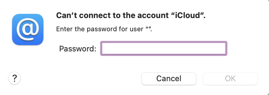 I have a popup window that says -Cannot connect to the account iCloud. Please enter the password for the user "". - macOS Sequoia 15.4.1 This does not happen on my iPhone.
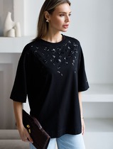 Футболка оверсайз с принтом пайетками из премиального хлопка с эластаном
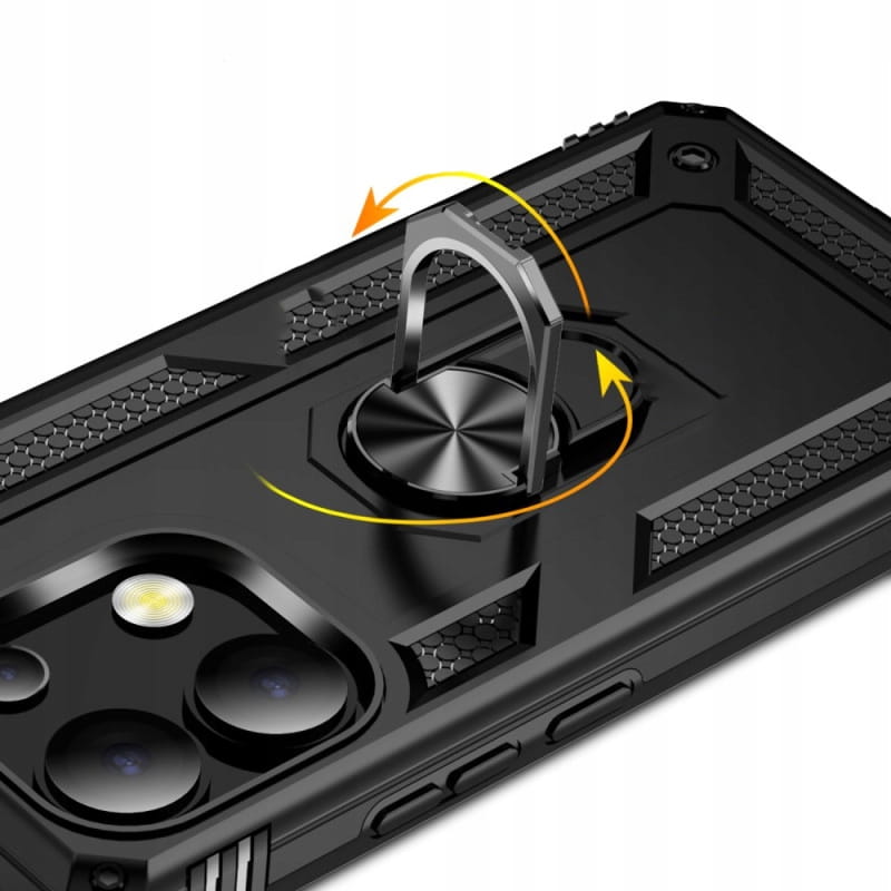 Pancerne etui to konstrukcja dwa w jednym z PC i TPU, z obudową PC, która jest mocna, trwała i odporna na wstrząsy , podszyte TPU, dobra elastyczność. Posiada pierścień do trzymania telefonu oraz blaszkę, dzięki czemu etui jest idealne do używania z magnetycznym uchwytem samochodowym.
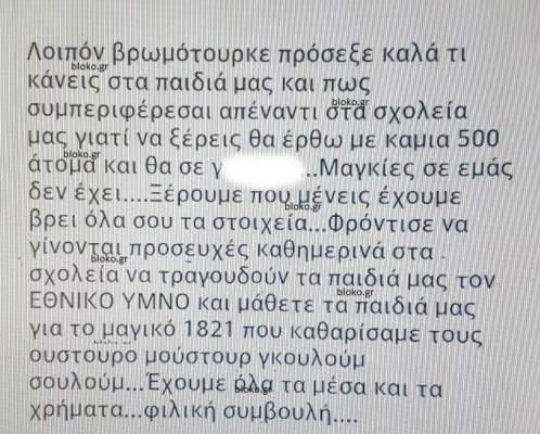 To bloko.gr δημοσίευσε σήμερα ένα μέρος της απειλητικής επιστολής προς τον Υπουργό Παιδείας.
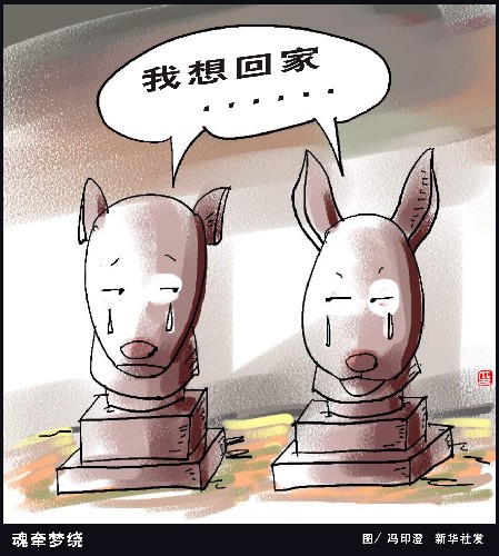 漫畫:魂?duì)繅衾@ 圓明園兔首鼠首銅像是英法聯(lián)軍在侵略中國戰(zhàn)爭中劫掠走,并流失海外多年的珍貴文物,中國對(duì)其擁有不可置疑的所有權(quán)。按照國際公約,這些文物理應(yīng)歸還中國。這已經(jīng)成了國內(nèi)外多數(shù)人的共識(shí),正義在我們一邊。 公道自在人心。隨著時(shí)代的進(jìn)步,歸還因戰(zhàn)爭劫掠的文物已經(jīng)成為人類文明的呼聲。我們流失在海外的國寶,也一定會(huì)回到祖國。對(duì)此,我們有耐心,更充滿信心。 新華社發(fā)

==

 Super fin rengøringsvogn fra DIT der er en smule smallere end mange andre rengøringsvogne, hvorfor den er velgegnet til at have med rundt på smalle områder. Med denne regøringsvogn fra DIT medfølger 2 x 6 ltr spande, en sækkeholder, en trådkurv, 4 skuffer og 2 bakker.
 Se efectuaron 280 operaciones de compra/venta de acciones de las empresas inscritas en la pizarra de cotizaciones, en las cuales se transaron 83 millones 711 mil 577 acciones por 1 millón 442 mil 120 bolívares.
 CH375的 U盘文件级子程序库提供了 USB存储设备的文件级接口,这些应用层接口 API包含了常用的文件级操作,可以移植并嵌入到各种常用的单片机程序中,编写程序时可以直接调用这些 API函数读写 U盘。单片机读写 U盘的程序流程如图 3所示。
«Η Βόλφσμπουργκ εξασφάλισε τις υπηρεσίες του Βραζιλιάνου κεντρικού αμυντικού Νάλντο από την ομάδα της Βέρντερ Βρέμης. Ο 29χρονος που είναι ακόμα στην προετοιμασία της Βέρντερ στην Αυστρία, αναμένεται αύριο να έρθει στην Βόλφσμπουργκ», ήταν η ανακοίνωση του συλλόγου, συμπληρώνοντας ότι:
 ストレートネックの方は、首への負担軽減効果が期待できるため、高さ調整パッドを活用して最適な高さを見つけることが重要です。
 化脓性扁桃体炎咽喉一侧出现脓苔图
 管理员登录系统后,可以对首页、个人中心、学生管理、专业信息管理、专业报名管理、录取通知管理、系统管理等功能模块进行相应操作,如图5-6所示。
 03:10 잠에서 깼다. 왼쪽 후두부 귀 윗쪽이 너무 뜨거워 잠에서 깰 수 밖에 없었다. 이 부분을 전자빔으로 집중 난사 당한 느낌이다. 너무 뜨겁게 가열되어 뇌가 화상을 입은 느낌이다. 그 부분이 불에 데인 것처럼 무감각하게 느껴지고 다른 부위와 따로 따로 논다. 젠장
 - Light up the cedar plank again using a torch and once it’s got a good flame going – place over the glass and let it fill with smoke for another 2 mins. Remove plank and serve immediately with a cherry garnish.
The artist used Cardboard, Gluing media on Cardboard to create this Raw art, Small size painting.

==

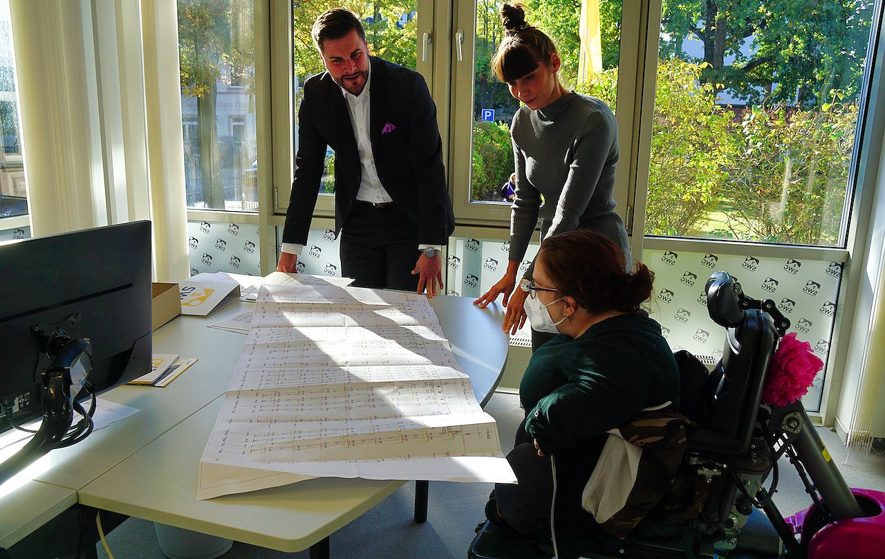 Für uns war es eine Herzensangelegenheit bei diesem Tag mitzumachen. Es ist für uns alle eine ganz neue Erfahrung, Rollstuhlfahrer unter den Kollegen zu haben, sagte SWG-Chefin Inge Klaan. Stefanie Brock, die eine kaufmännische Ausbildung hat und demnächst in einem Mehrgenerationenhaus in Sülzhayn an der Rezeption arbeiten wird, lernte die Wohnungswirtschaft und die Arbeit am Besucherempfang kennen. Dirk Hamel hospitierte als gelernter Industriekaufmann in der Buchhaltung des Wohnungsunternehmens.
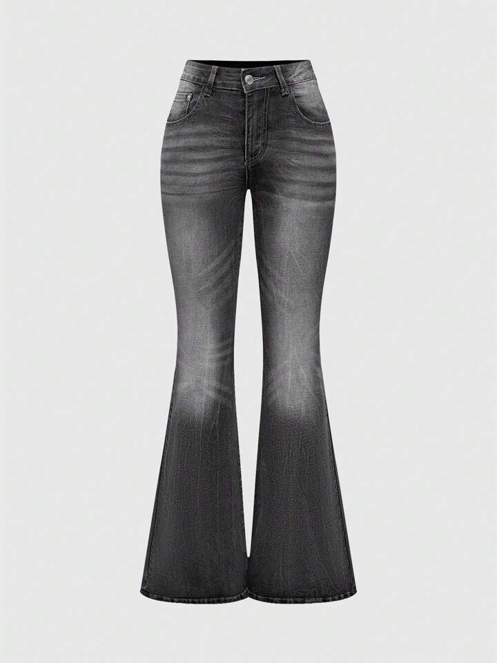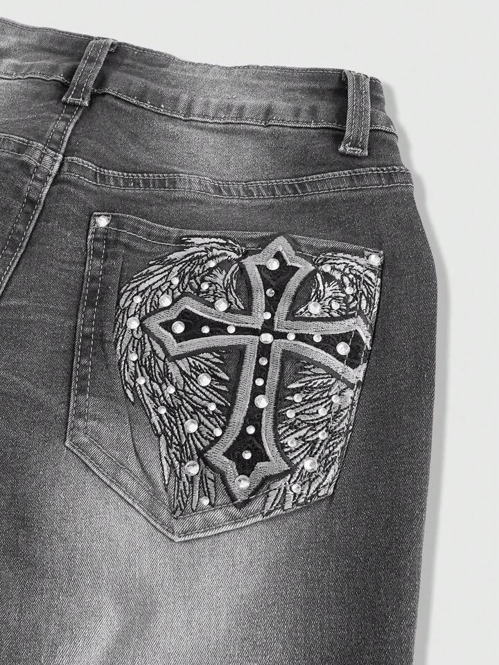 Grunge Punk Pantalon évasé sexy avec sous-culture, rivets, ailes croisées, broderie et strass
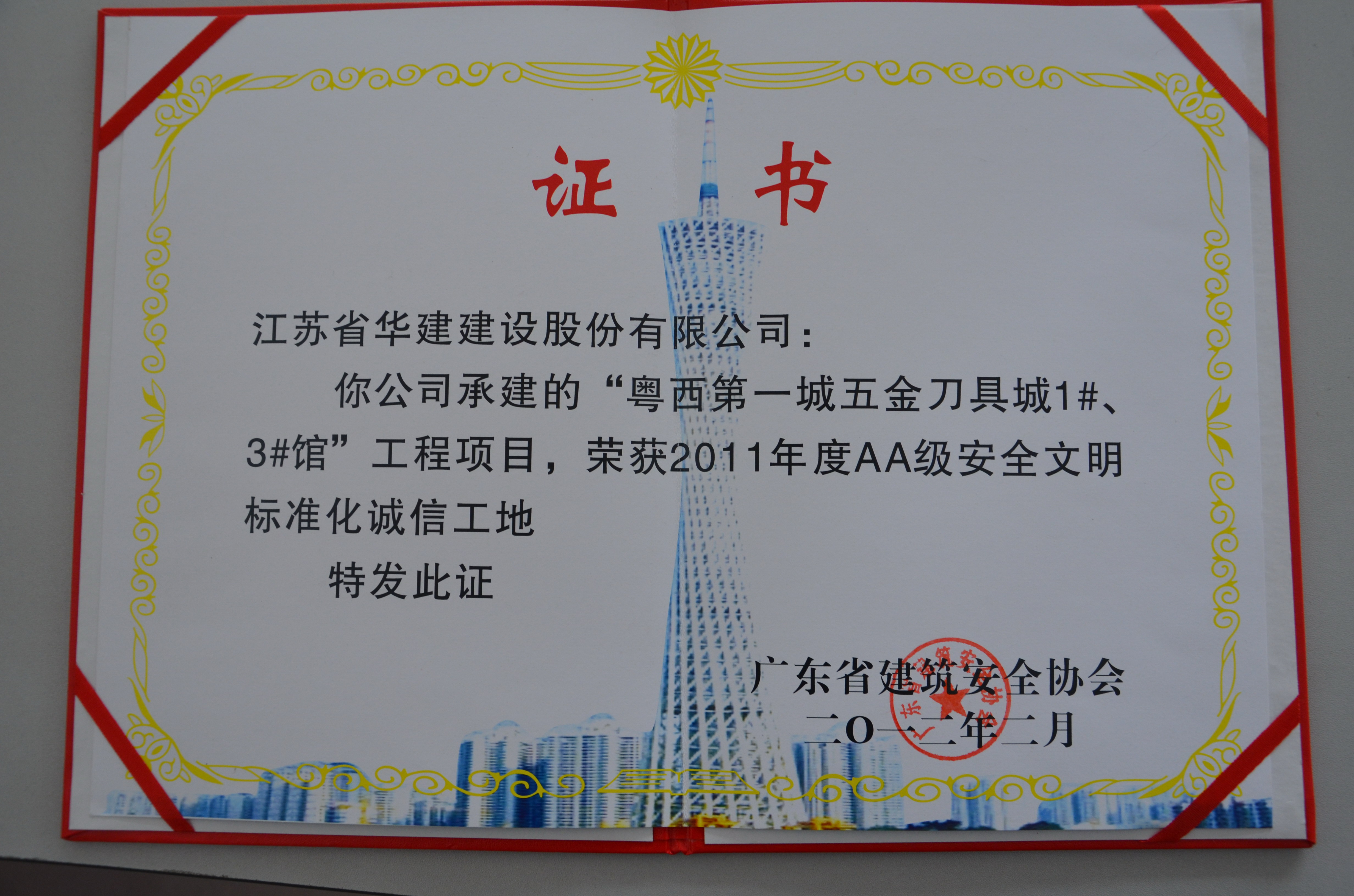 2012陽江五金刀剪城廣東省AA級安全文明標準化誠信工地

* Prompt: From the listing above, restate verbatim the lines running from the one with "Für uns war" through the one with "Grunge Punk Pantalon", inclusive, but not the pictures.

* Solution:
 Für uns war es eine Herzensangelegenheit bei diesem Tag mitzumachen. Es ist für uns alle eine ganz neue Erfahrung, Rollstuhlfahrer unter den Kollegen zu haben, sagte SWG-Chefin Inge Klaan. Stefanie Brock, die eine kaufmännische Ausbildung hat und demnächst in einem Mehrgenerationenhaus in Sülzhayn an der Rezeption arbeiten wird, lernte die Wohnungswirtschaft und die Arbeit am Besucherempfang kennen. Dirk Hamel hospitierte als gelernter Industriekaufmann in der Buchhaltung des Wohnungsunternehmens.
 Grunge Punk Pantalon évasé sexy avec sous-culture, rivets, ailes croisées, broderie et strass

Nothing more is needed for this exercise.